Chest X-Ray is performed as a routine during hospital admission. It is use to diagnose pulmonary diseases and assess the status of the heart, gastrointestinal tract, thyroid gland, bones of the thorax, and diaphragm. It also helps in monitoring osteoarthritis and heart enlargement.
Some doctors use it to identify placement of the central lines, pulmonary artery catheters, endotracheal tubes, nasogastric and nasoenteric tubes, pacemaker wires and other invasive devices.
Chest X-Ray result may show different diseases such as pneumonia, lung abscess, pneumothorax, and pericardial and pleural effusions in the lungs, thorax, gastrointestinal tract, heart, diaphragm, and other systems. It also evaluates trauma to thorax, detect incorrectly placed monitoring devices, and notes invasive lines. If patient can't be moved, a portable X-ray machine can be brought to the patient's room or nursing unit.
Obesity, lack of full inspiration, and inability to remain still might interfere the results of the test.

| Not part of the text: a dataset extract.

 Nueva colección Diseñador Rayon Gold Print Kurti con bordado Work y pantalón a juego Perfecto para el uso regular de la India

Identify correct patient's name. Before test, explain procedure to the patient and assess patient's understanding. Instruct patient to remove prosthesis, jewelries, eye glasses, and other metals. Assure patient that exposure to radiation is minimal. Provide privacy to change patient gown.
For pregnant women, provide shield to protect the fetus if test is needed during pregnancy. For infants and children, they need to be sedated. Place on blanket for comfort. Be considerate and have patience with older people, they might experience difficulty in staying still in positions during the test, so test might take longer.

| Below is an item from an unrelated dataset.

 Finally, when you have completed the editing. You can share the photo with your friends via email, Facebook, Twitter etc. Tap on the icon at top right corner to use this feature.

Patient don't need to fast but instruct patient not to drink milk to prevent masking lung structure. Before the test, advice patient to try to stay still as possible because the position for the test is uncomfortable. Place patient in a standing position or if he can't stand, position upright. During test, give instructions to take a deep breath and hold it or exhale but don't breathe when the film is being taken.